2. The apparatus according to claim 1, wherein said pallet body includes a check valve arranged between said first and second suction ports and said suction holes, with said check valve being for only permitting air to flow from said suction holes to said first and second suction ports.

3. The apparatus according to claim 1, wherein said loading section comprises

a loading stage onto which said pallet is to be placed, and

a board carry-in mechanism for carrying the board from outside the apparatus onto said pallet when said pallet is on said loading stage.

4. The apparatus according to claim 3, wherein said loading stage comprises

a sucking mechanism for sucking and holding said pallet, and

a suction source to be connected to said first suction port.

5. The apparatus according to claim 3, wherein said board carry-in mechanism comprises

a carry-in slider for carrying the board into the apparatus from outside the apparatus, and

a loader for transferring the board from said carry-in slider to said pallet when said pallet is on said loading stage.

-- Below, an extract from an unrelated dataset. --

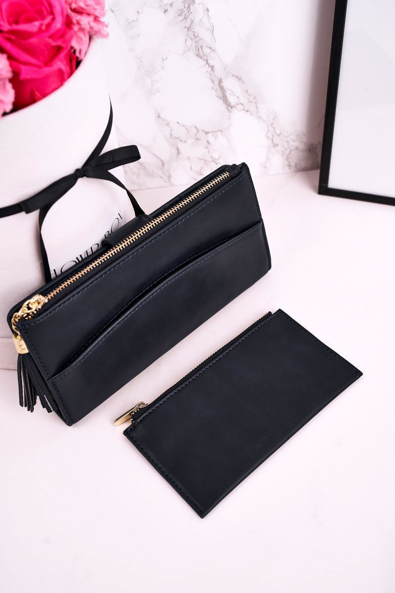 Duży Portfel Damski Z Dodatkową Portmonetką I Frędzlami Granatowy

6. The apparatus according to claim 5, wherein said unloading section comprises

an unloading stage onto which said pallet is to be placed, and

a board carry-out mechanism for carrying the board from said pallet, when said pallet is on said unloading stage, to outside the apparatus.

7. The apparatus according to claim 6, wherein said unloading stage comprises

a suction mechanism for sucking and holding said pallet, and

a suction source to be connected to said first suction port.

8. The apparatus according to claim 6, wherein said board carry-out mechanism comprises

a carry-out slider for carrying the board from the apparatus to outside the apparatus, and

an unloader for transferring the board from said pallet, when said pallet is on unloading stage, to said carry-out slider.